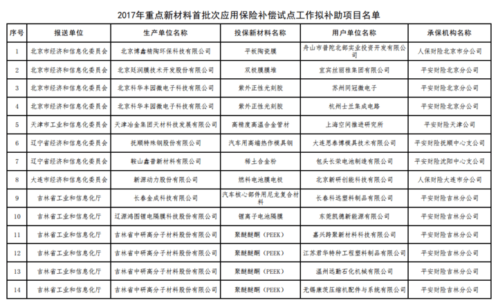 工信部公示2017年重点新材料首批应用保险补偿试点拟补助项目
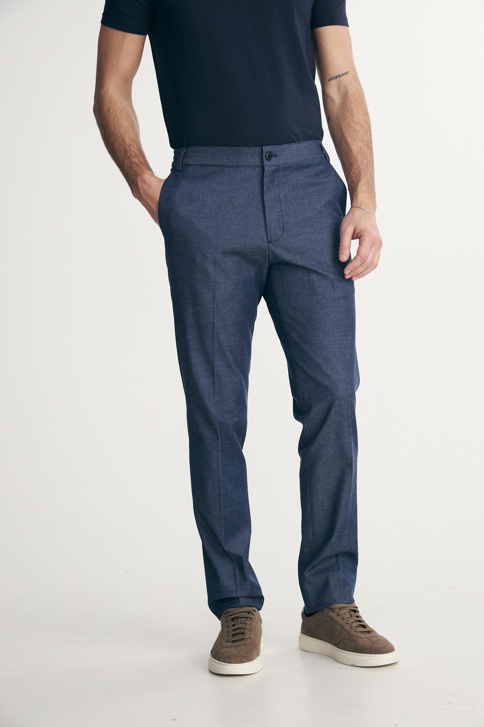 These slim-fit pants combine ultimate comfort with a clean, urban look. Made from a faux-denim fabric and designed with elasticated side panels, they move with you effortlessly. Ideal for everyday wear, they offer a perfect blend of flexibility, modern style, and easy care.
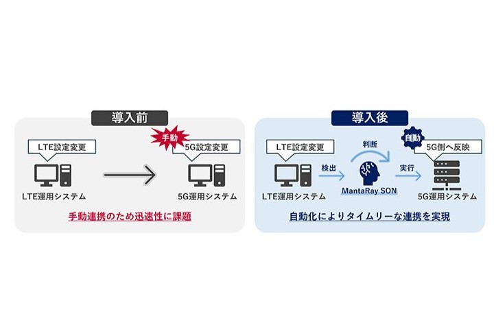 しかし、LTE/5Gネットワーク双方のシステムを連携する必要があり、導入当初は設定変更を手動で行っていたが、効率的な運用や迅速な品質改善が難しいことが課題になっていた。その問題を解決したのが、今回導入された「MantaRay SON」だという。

= = =

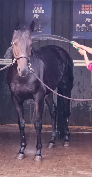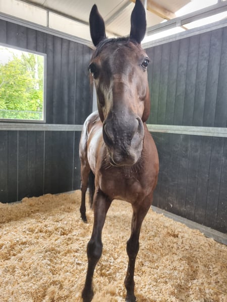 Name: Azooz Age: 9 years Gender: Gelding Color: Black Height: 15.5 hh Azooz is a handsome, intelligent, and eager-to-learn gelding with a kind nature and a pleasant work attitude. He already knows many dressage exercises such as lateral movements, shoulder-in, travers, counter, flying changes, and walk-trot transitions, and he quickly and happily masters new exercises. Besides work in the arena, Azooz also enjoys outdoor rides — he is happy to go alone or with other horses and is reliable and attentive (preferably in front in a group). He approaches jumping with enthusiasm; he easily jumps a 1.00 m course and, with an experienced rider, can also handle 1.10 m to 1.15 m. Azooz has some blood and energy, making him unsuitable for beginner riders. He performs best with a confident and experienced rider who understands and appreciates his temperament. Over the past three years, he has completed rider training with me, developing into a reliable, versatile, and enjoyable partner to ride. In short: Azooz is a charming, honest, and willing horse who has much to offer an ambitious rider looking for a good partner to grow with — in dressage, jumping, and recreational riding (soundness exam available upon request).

= = =

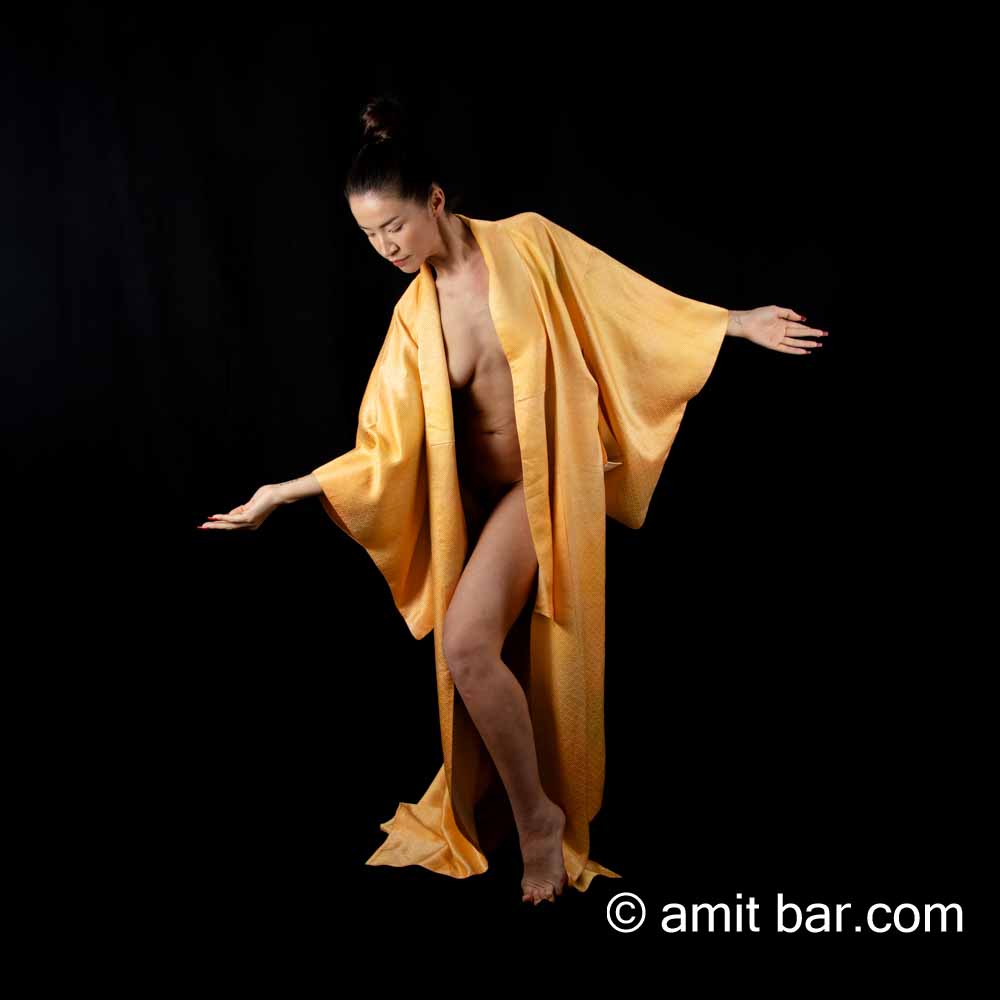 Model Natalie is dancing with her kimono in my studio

= = =

**Task:**
Both the line above containing "工信部公示2017年重点新材料首批应用保险补偿试点拟补助项目" and the line containing "しかし、LTE/5Gネットワ" belong in the copy, along with every line between them; print these exactly and omit the pictures.

**Response area:**
 工信部公示2017年重点新材料首批应用保险补偿试点拟补助项目
 These slim-fit pants combine ultimate comfort with a clean, urban look. Made from a faux-denim fabric and designed with elasticated side panels, they move with you effortlessly. Ideal for everyday wear, they offer a perfect blend of flexibility, modern style, and easy care.
 しかし、LTE/5Gネットワーク双方のシステムを連携する必要があり、導入当初は設定変更を手動で行っていたが、効率的な運用や迅速な品質改善が難しいことが課題になっていた。その問題を解決したのが、今回導入された「MantaRay SON」だという。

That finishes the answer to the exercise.